Data for this exercise
---------------

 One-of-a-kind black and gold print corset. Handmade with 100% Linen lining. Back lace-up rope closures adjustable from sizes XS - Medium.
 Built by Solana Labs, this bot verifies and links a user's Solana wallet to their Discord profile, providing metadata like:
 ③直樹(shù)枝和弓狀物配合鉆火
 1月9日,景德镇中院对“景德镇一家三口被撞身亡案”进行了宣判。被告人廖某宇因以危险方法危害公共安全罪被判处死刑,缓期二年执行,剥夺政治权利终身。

---------------

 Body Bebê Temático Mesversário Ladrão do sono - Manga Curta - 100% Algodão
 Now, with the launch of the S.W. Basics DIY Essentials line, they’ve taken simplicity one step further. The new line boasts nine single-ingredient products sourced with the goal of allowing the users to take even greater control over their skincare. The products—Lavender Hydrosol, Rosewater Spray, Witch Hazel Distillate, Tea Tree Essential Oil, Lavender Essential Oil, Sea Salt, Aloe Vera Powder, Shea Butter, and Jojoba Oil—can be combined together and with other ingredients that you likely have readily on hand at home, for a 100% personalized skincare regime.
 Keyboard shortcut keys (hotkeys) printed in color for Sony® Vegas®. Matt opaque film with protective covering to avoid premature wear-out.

---------------

Among the lines of the records above, count those containing the word "their", then give the number by itself.

Problem solution
2